We know that 1. The resistance of the galvanometer (G) is 400 Ω. 2. The maximum current the galvanometer can measure (I) is 1 mA. 3. The range of the voltmeter (V) is 8 V. We need to find the required resistance (R) to convert the galvanometer into a voltmeter.

Ohm's Law states that \(V = IR\), where V is the voltage, I is the current, and R is the resistance. First, let's calculate the galvanometer's total resistance when it is used as a voltmeter. To do this, we can rearrange Ohm's Law to solve for the total resistance: \[R = \frac{V}{I}\] Now, plug in the given values for V (8 V) and I (1 mA or 0.001 A): \[R = \frac{8}{0.001}\]

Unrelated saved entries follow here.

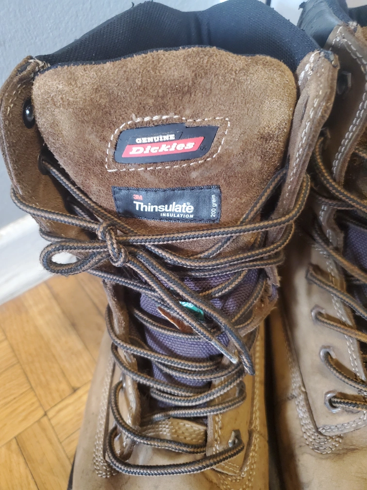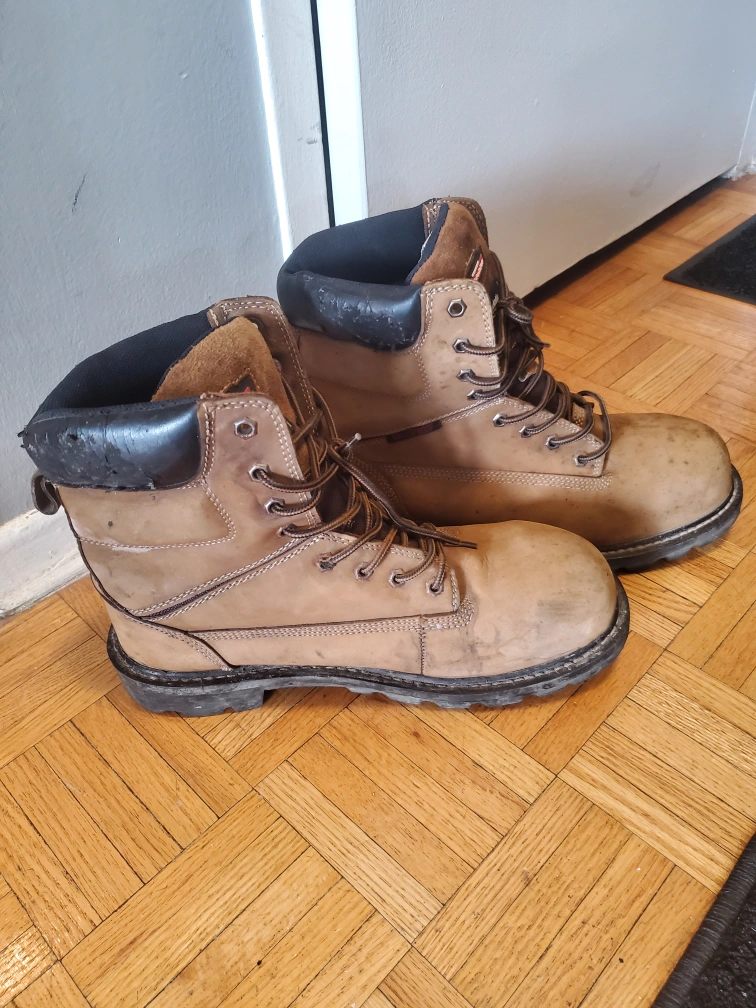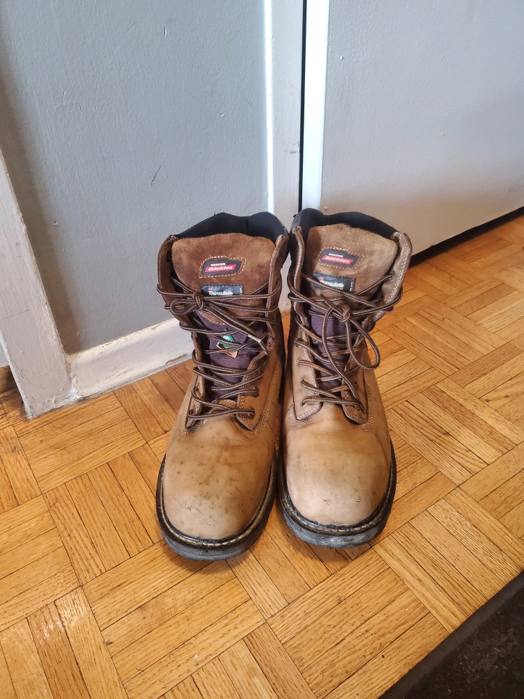 52Used men's Dickies work boots. Tan leather, lace-up. Waterproof and insulated with 3M Thinsulate. Flex-Welt construction. good condition only cash price firm no delivery. I have and Safety Shoes for Men's size 11 / 12 and 13 for sale different prices different colors and different Brands if you want you can come to see all Safety shoes only cash. I have and app Facebook and app Kijjijji. Location Cawthra and Lakeshore Mississauga.
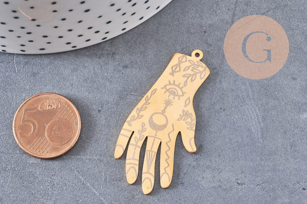 Colgante de acero dorado mano mística 49mm, acero inoxidable dorado sin liberación de níquel, creación de joyería de la suerte, x1 G6243
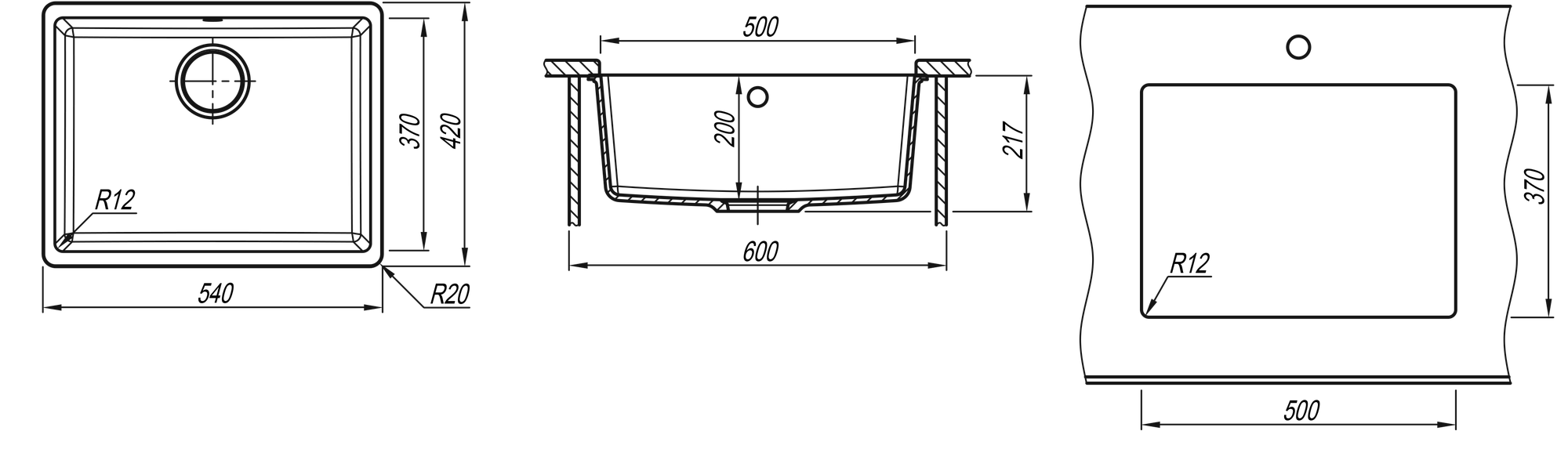 Мойка,раковина для кухни каменная "Ring" 500, черная FS
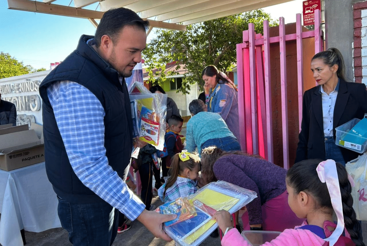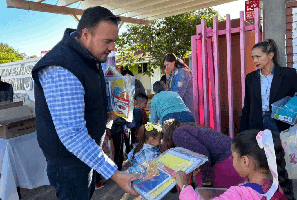 Camargo, Chih.– Esta mañana, el presidente municipal Jorge Aldana encabezó la entrega de útiles escolares en la escuela primaria Adolfo López Mateos y en el preescolar Antonio Casso, como parte del programa que busca garantizar que todas las niñas y niños de Camargo cuenten con las mismas oportunidades para iniciar bien el ciclo escolar.
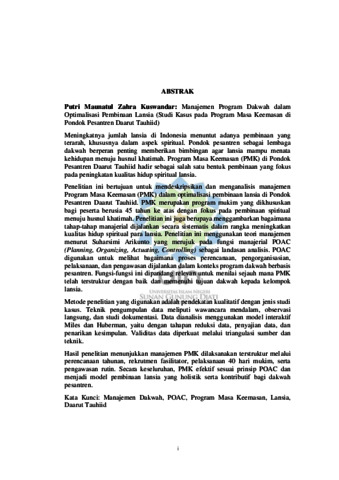 INDONESIA: Meningkatnya jumlah lansia di Indonesia menuntut adanya pembinaan yang terarah, khususnya dalam aspek spiritual. Pondok pesantren sebagai lembaga dakwah berperan penting memberikan bimbingan agar lansia mampu menata kehidupan menuju husnul khatimah. Program Masa Keemasan (PMK) di Pondok Pesantren Daarut Tauhiid hadir sebagai salah satu bentuk pembinaan yang fokus pada peningkatan kualitas hidup spiritual lansia. Penelitian ini bertujuan untuk mendeskripsikan dan menganalisis manajemen Program Masa Keemasan (PMK) dalam optimalisasi pembinaan lansia di Pondok Pesantren Daarut Tauhiid. PMK merupakan program mukim yang dikhususkan bagi peserta berusia 45 tahun ke atas dengan fokus pada pembinaan spiritual menuju husnul khatimah. Penelitian ini juga berupaya menggambarkan bagaimana tahap-tahap manajerial dijalankan secara sistematis dalam rangka meningkatkan kualitas hidup spiritual para lansia. Penelitian ini menggunakan teori manajemen menurut Suharsimi Arikunto yang merujuk pada fungsi manajerial POAC (Planning, Organizing, Actuating, Controlling) sebagai landasan analisis. POAC digunakan untuk melihat bagaimana proses perencanaan, pengorganisasian, pelaksanaan, dan pengawasan dijalankan dalam konteks program dakwah berbasis pesantren. Fungsi-fungsi ini dipandang relevan untuk menilai sejauh mana PMK telah terstruktur dengan baik dan memenuhi tujuan dakwah kepada kelompok lansia. Metode penelitian yang digunakan adalah pendekatan kualitatif dengan jenis studi kasus. Teknik pengumpulan data meliputi wawancara mendalam, observasi langsung, dan studi dokumentasi. Data dianalisis menggunakan model interaktif Miles dan Huberman, yaitu dengan tahapan reduksi data, penyajian data, dan penarikan kesimpulan. Validitas data diperkuat melalui triangulasi sumber dan teknik. Hasil penelitian menunjukkan manajemen PMK dilaksanakan terstruktur melalui perencanaan tahunan, rekrutmen fasilitator, pelaksanaan 40 hari mukim, serta pengawasan rutin. Secara keseluruhan, PMK efektif sesuai prinsip POAC dan menjadi model pembinaan lansia yang holistik serta kontributif bagi dakwah pesantren. ENGLISH: The increasing number of elderly people in Indonesia demands well-directed guidance, particularly in the spiritual aspect. Islamic boarding schools (pondok pesantren), as institutions of da’wah, play an important role in providing guidance to help the elderly prepare for a meaningful life toward husnul khatimah (a good ending). The Golden Age Program (Program Masa Keemasan / PMK) at Daarut Tauhiid Islamic Boarding School is one such initiative that focuses on improving the spiritual quality of life among the elderly. This research aims to describe and analyze the management of the Golden Age Program (PMK) in optimizing elderly spiritual development at Daarut Tauhiid Islamic Boarding School. PMK is a residential program specifically designed for participants aged 45 and above, focusing on spiritual guidance toward husnul khatimah. The study also seeks to explain how managerial stages are systematically implemented to enhance the spiritual quality of life of the elderly. The research uses management theory by Suharsimi Arikunto, which refers to the POAC (Planning, Organizing, Actuating, Controlling) managerial functions as the analytical framework. POAC is applied to examine how planning, organizing, implementing, and controlling are carried out within the context of pesantren-based da’wah programs. These functions are considered relevant in assessing the extent to which PMK is well-structured and fulfills its da’wah objectives for the elderly group. The research employs a qualitative approach with a case study design. Data collection techniques include in-depth interviews, direct observation, and documentation study. The data were analyzed using the interactive model of Miles and Huberman, consisting of data reduction, data display, and conclusion drawing. Data validity was strengthened through source and technique triangulation. The findings show that the management of PMK is systematically implemented through annual planning, facilitator recruitment, a 40-day residential program, and regular supervision. Overall, PMK has proven effective according to POAC principles and serves as a holistic model for elderly development that contributes significantly to the pesantren’s da’wah mission. ARABIC: إنّ ازدياد عدد المسنين في إندونيسيا يتطلّب توجيهاً منظّماً، وخاصة في الجانب الروحي. وتُعَدّ المدارس الدينية (الـ«بِسَنْتْرِن») مؤسساتٍ دعويةً تؤدي دوراً مهماً في إرشاد المسنين لمساعدتهم على تنظيم حياتهم نحو حُسْنِ الخاتِمَة. ويأتي برنامج العصر الذهبي (PMK) في معهد «دار التوحيد» كأحد أشكال الرعاية التي تركّز على تحسين جودة الحياة الروحية للمسنين. يهدف هذا البحث إلى وصف وتحليل إدارة برنامج العصر الذهبي (PMK) في تحسين عملية تربية المسنين في معهد دار التوحيد. يُعَدّ البرنامج إقامةً مخصصةً للمشاركين الذين تتجاوز أعمارهم 45 عاماً، ويركّز على البناء الروحي المؤدي إلى حُسْنِ الخاتِمَة. كما يسعى البحث إلى بيان كيفية تطبيق المراحل الإدارية بشكلٍ منهجي لرفع جودة الحياة الروحية لدى المسنين. استندت الدراسة إلى نظرية الإدارة حسب «سُهَرْسِيمِي أريكونتو» التي تشير إلى وظائف الإدارة الأربعة (التخطيط، التنظيم، التنفيذ، الرقابة – POAC) كأساسٍ للتحليل. ويُستَخدَم هذا النموذج لدراسة كيفية تنفيذ عمليات الت
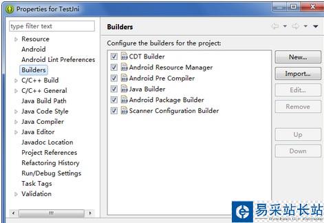 如果工程里面已經有jni目錄了,但是沒有配置C/C++的編譯器,高手們可以自己添加Builder,對于我這種愛投機取巧的小菜鳥,工程右鍵菜單,新添加一個空白的so,然后再刪除,CDT Builder和Scanner Configuration Builder就出來了。
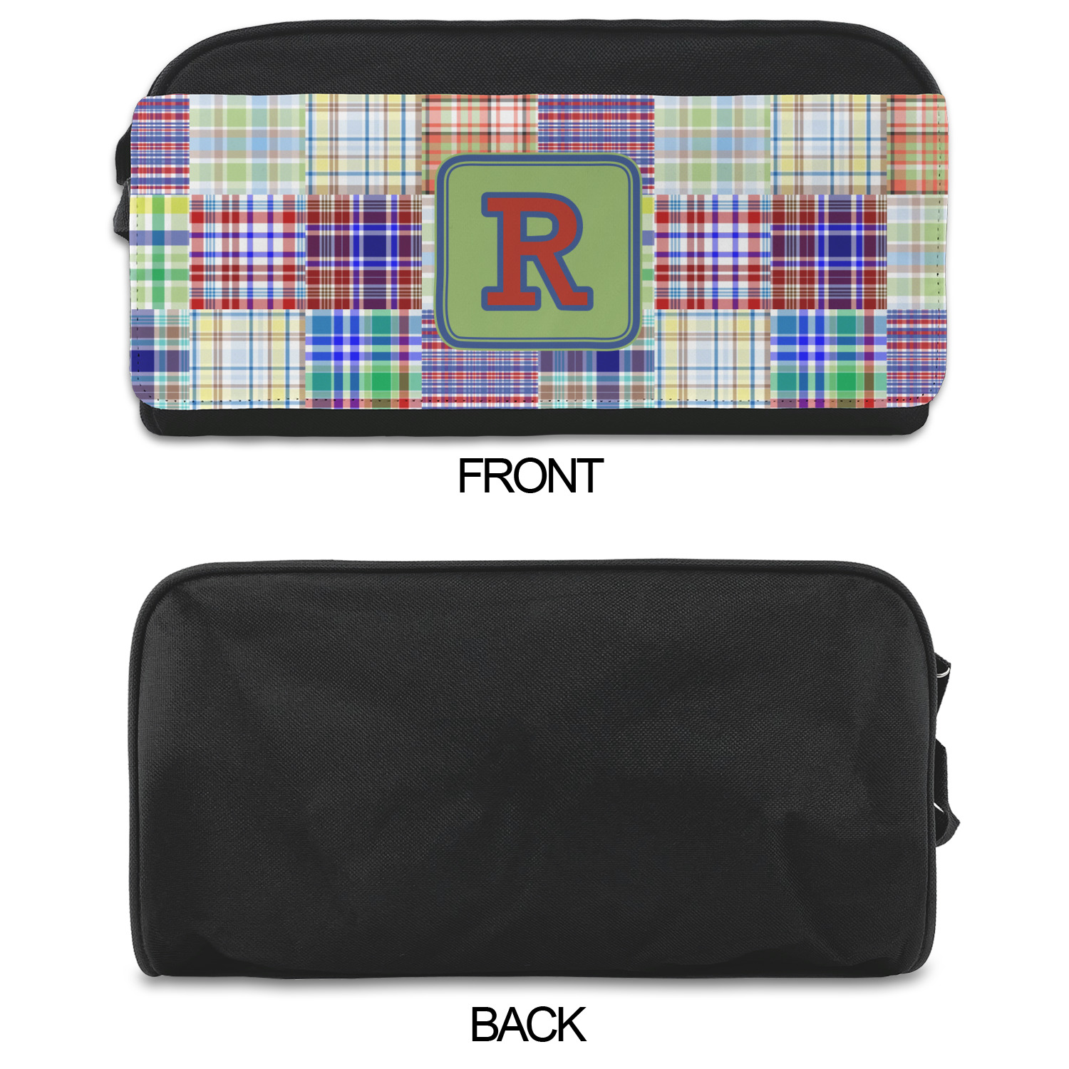 A square label is the perfect place for your initial, to make this collection of plaids truly you.
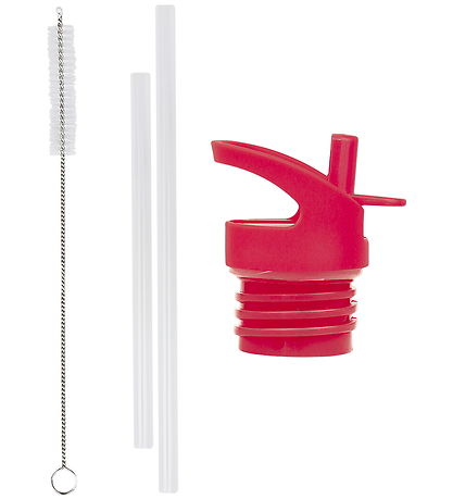 Practical A Little Lovely Company drinking bottle set consisting of a pink lid, two straws and a cleaning brush.
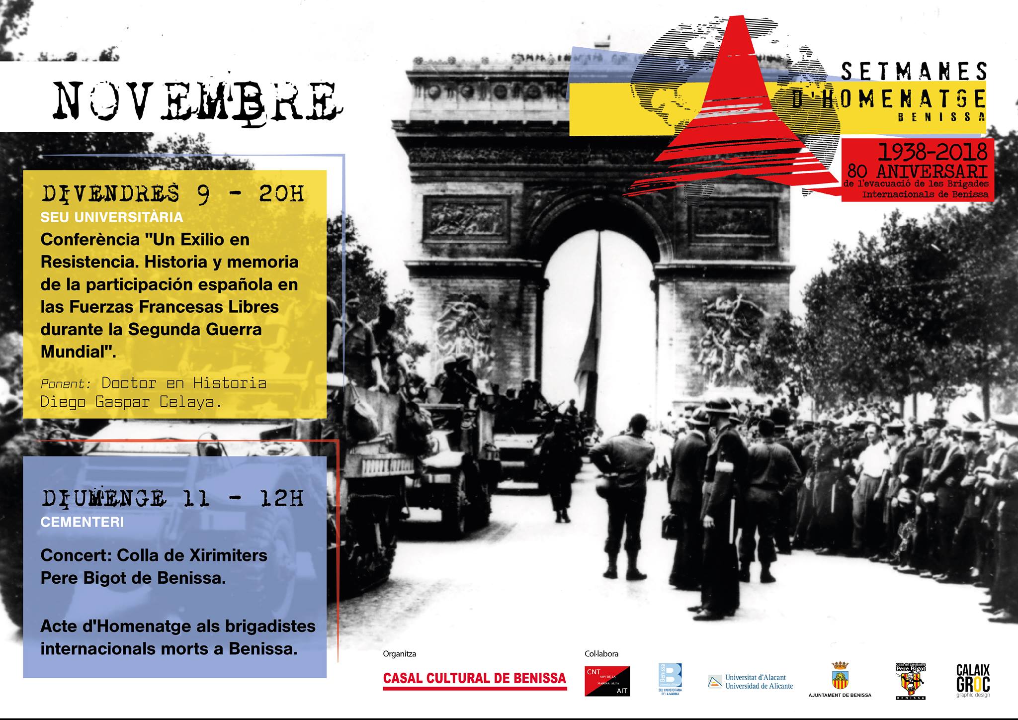 Benissa acollirà a partir de demà divendres les Setmanes d’Homenatge, que enguany commemoren el 80é aniversari de l’evacuació de les Brigades Internacionals de Benissa. Per a demà divendres (20.00h, Seu Universitària) hi ha prevista una conferència amb el títol “Un exilio en Resistencia. Historia y memoria de la participación española en las Fuerzas Francesas Libres durante la Segunda Guerra Mundial”, la qual estarà importada per Diego Gaspar Celaya, Doctor en Història.
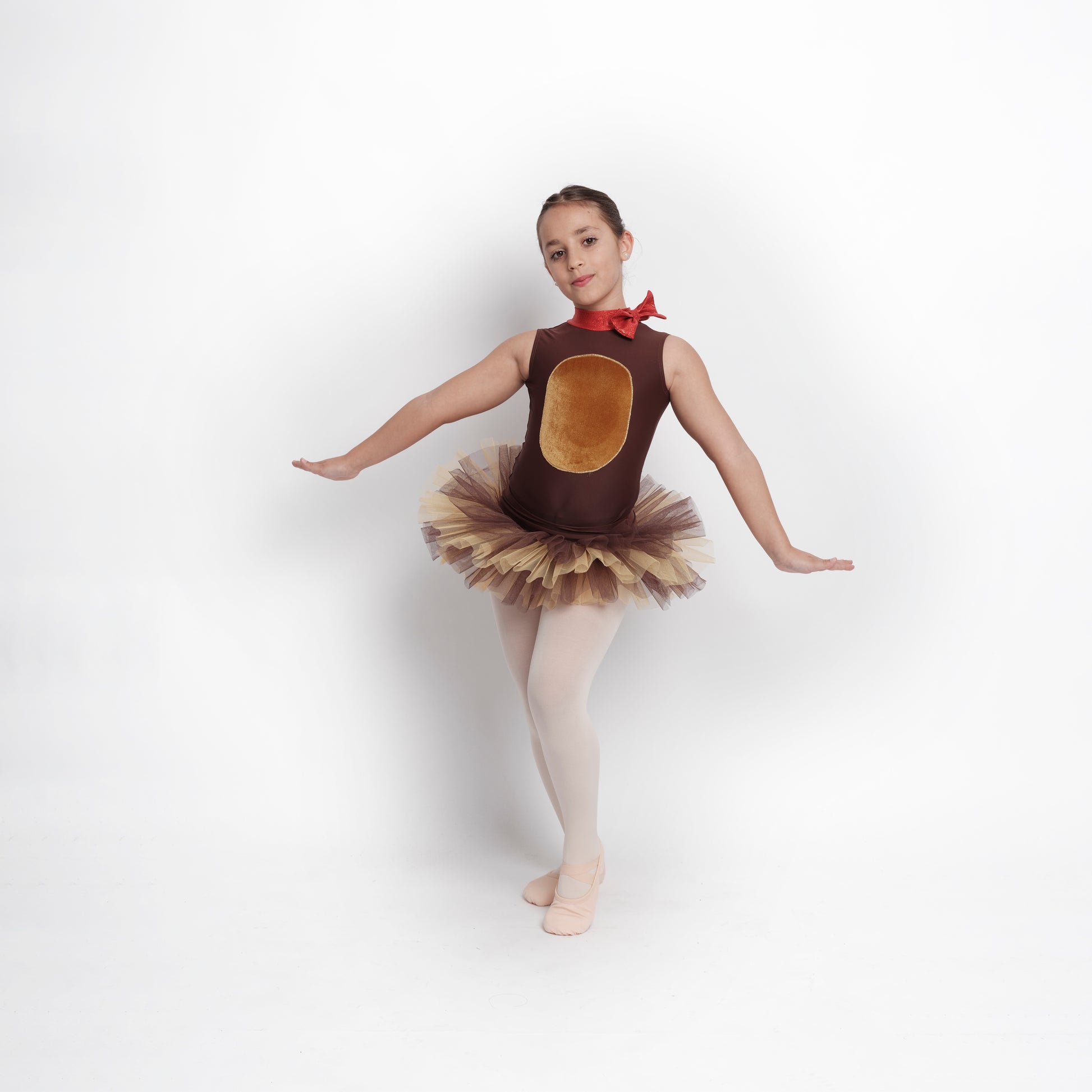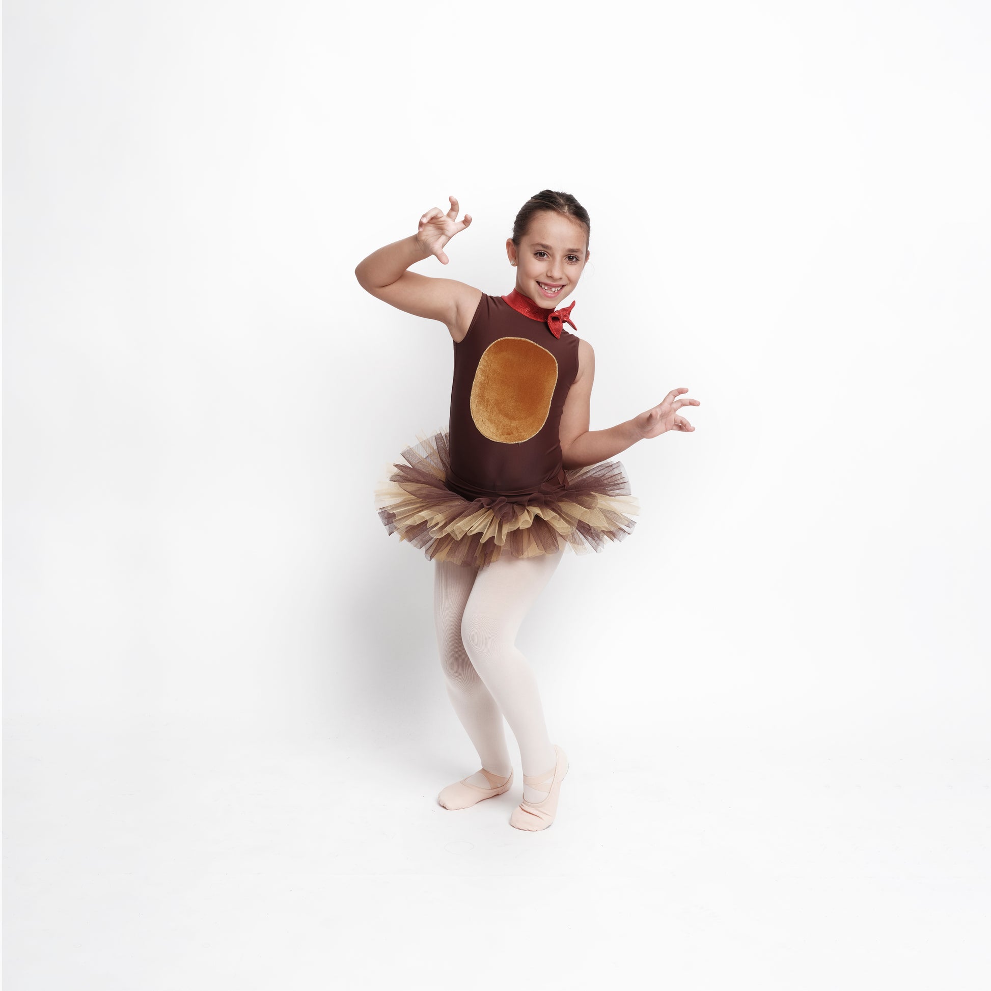 Infantil con cuerpo de licra marrón con detalle en terciopelo color ocre. Lazo rojo al cuello y falda de tres capas en marrón y ocre. Pompón a modo de colita en la parte posterior.

Calculate R: \[R = 8000 \Omega\] The total resistance needed for the voltmeter is 8000 Ω.

Now, we have to find the required resistance to be added in series with the galvanometer. Since the galvanometer and the required resistance are connected in series, their resistances need to add up to the total resistance. \[R_{req} = R_{total} - R_{galvanometer}\] Plug in the values for the total resistance (8000 Ω) and the given resistance of the galvanometer (400 Ω): \[R_{req} = 8000 - 400\]

Calculate \(R_{req}\): \[R_{req} = 7600 \Omega\] The required resistance to convert the galvanometer into a voltmeter with a range of 8 V is 7600 Ω. Therefore, the correct answer is (D) 7600 Ω.